Levi’s heart started racing, adrenaline shooting through him as his sense of something being wrong skyrocketed.
“That’s not normal,” he said, voice low. “Stay close.”
He drew his dagger, wishing he had a power stone so he could light it up. He could force mana into it manually, but the power stone regulated the drain to make it feasible. To power it without the stone would use all his mana in seconds.
The very ordinary entry area opened into a very ordinary waiting room. Levi took a single step forward, then stopped as the hovering shimmer, thick and warping like oily heat, registered in his vision.
Destruction Dungeon: Level 6
“This isn’t the right place.” He stepped quickly back, then closed his eyes and concentrated. The nearest Destruction dungeon to his destination… was significantly further north. There was a Fire dungeon near the Control one, but this…
He opened his eyes. “Out. I need to check something.”
They returned to the bright outdoors, where Levi pulled out the treasure map and looked it over again.
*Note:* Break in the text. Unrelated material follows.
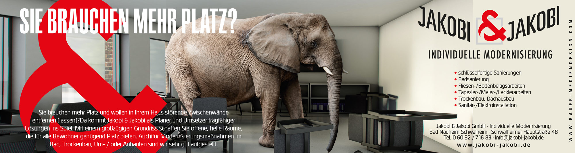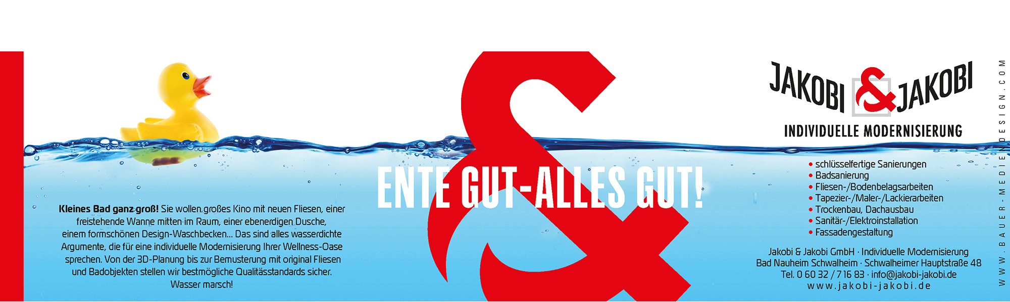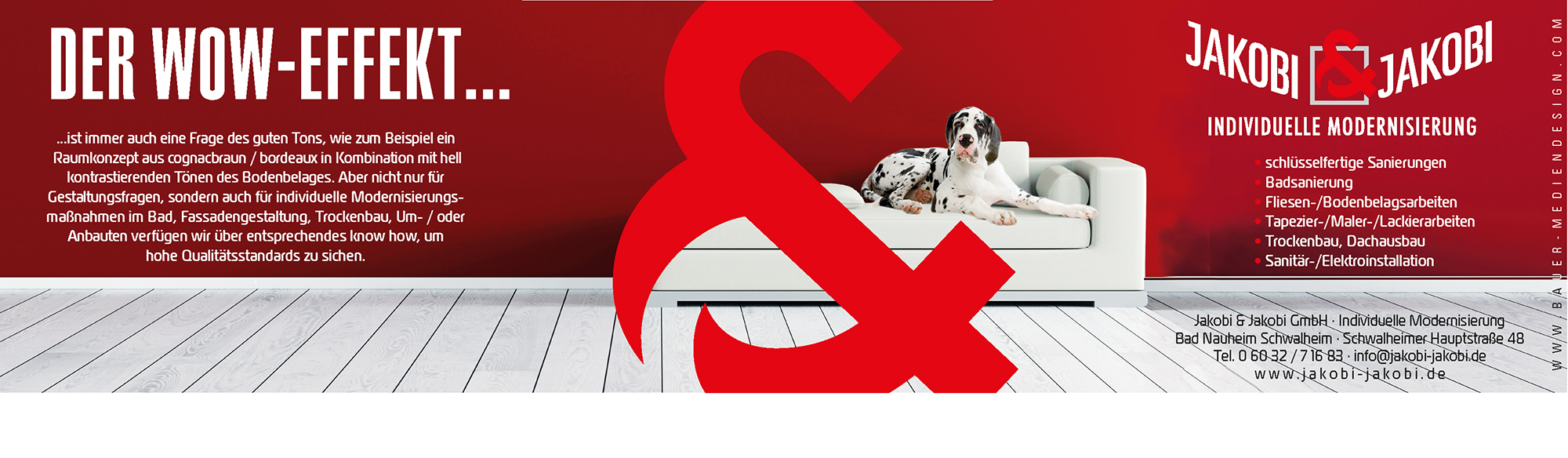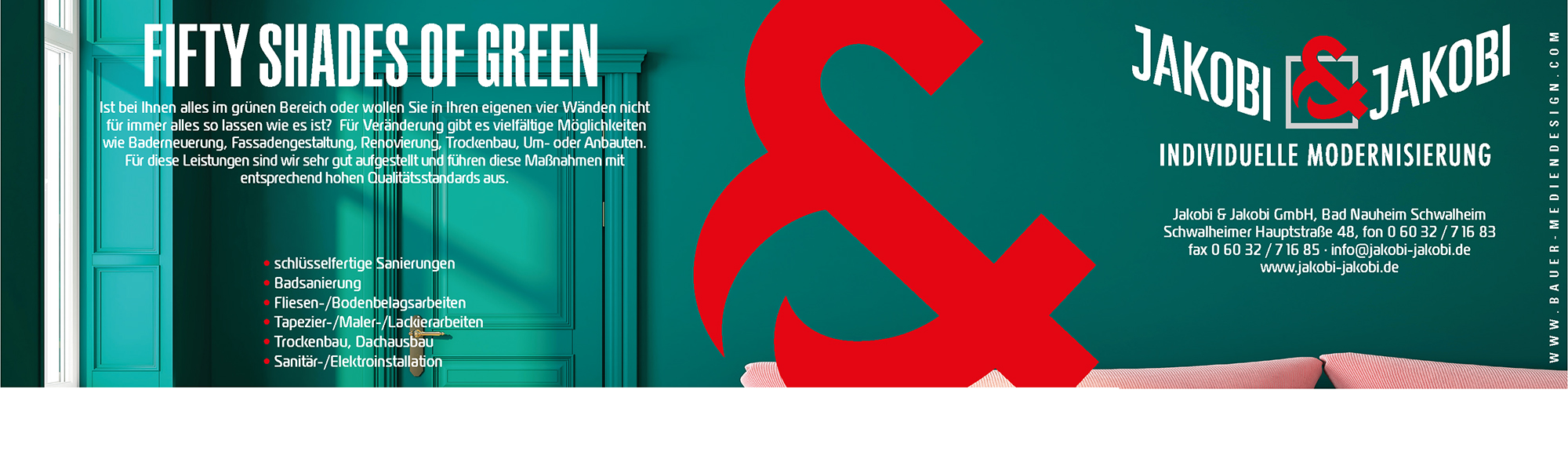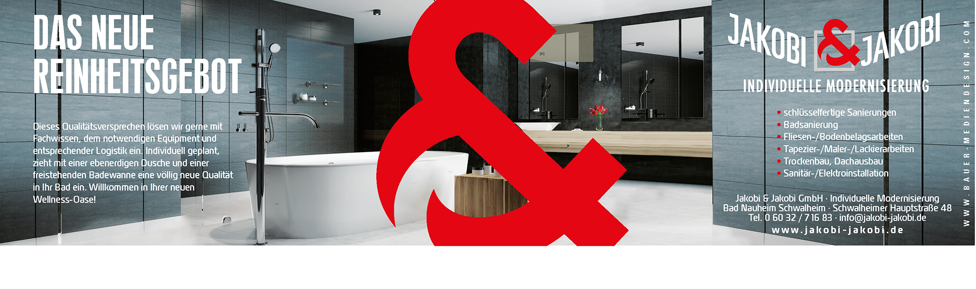 Die Jakobi & Jakobi GmbH, von Ralf Jakobi 1991 gegründet, ist seit über 30 Jahren im Rhein-Main-Gebiet und vor allem in der Wetterau zuständig für Baumaßnahmen rund ums Haus. Jakobi & Jakobi hat das Know-how, um in allen handwerklichen Bereichen hohe Qualitätsstandards zu sichern. Dazu gehören Modernisierung im Bad, Fassadengestaltung, Renovierung, Trockenbau, Um- oder Anbauten. BAUER MEDIENDESIGN entwickelte Corporate Design, Internet-Präsenz, und Anzeigen-Kampagne für die Tageszeitung. Zusätzlich liefert BAUER MEDIENDESIGN relevanten Content für Social Media.

He’d largely dismissed it at the time, more focused on figuring out the destination than matching up everything, but now he looked closer there was an extra dungeon here.
Something present now which hadn’t survived to the future. This destruction dungeon had been destroyed before the creation of the map he’d memorized.
Once he thought about it, it was easy to could guess why. It was already at level 6, so it had probably sucked in dozens of people, probably hundreds. Depending on how long they’d remained inside and how much damage they'd done, it made sense that this dungeon made enough of a splash to be hunted down early, before the protections were put in place.
On the one hand, this could be a great opportunity to level fast. A level 6 dungeon would provide a much greater experience benefit than running through level 1s again and again.
But on the other hand, dungeons were never meant to be faced solo. He was already barely surviving against level 1 bosses, and dungeons scaled up fast. Anything above level 5 would be idiotic to try to clear until he was better equipped and higher level himself.
He looked down at the map again. It seemed he’d come too far north, he needed to head further south for the Control dungeon where the map led him. Then he looked back at the dark entryway, the faint glimmer in the air the only betrayal of its deadly trap.
“Damn it.”
He couldn’t pass up this opportunity any more than he could ignore the map.
But right now... he'd be a fool to dive into something like this without at least one or two more minions. Soloing level 1 dungeons was hard enough, and those had only tiny gremlins he could physically dominate with hardly an effort. He pulled the door shut, silently apologizing to anyone who was tricked into the dungeon in the meantime. For a moment he considered trying to write a warning on the door, but could think of nothing that wouldn't be immediately dismissed as graffiti or a prank. "We'll be back," he promised, then pulled out his phone to request another ride.